PROBLEM REQUIREMENTS:
Find the line with "店内休憩所のお菓子もチョコ多めに設置しております!" in the records below. Output exactly from there until after the line with "VEVOR Kit Di", without pictures.

THE RECORDS:
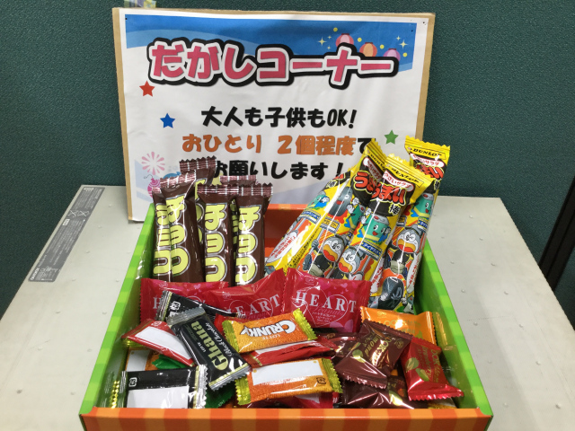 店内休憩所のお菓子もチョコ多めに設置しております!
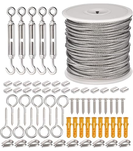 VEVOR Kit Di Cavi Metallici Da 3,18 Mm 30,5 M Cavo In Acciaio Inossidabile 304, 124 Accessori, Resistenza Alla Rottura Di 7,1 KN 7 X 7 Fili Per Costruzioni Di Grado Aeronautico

* * *

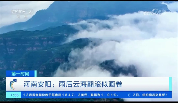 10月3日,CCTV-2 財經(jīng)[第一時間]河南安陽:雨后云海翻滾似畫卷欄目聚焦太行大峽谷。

RESPONSE TO THIS TASK:
 店内休憩所のお菓子もチョコ多めに設置しております!
 VEVOR Kit Di Cavi Metallici Da 3,18 Mm 30,5 M Cavo In Acciaio Inossidabile 304, 124 Accessori, Resistenza Alla Rottura Di 7,1 KN 7 X 7 Fili Per Costruzioni Di Grado Aeronautico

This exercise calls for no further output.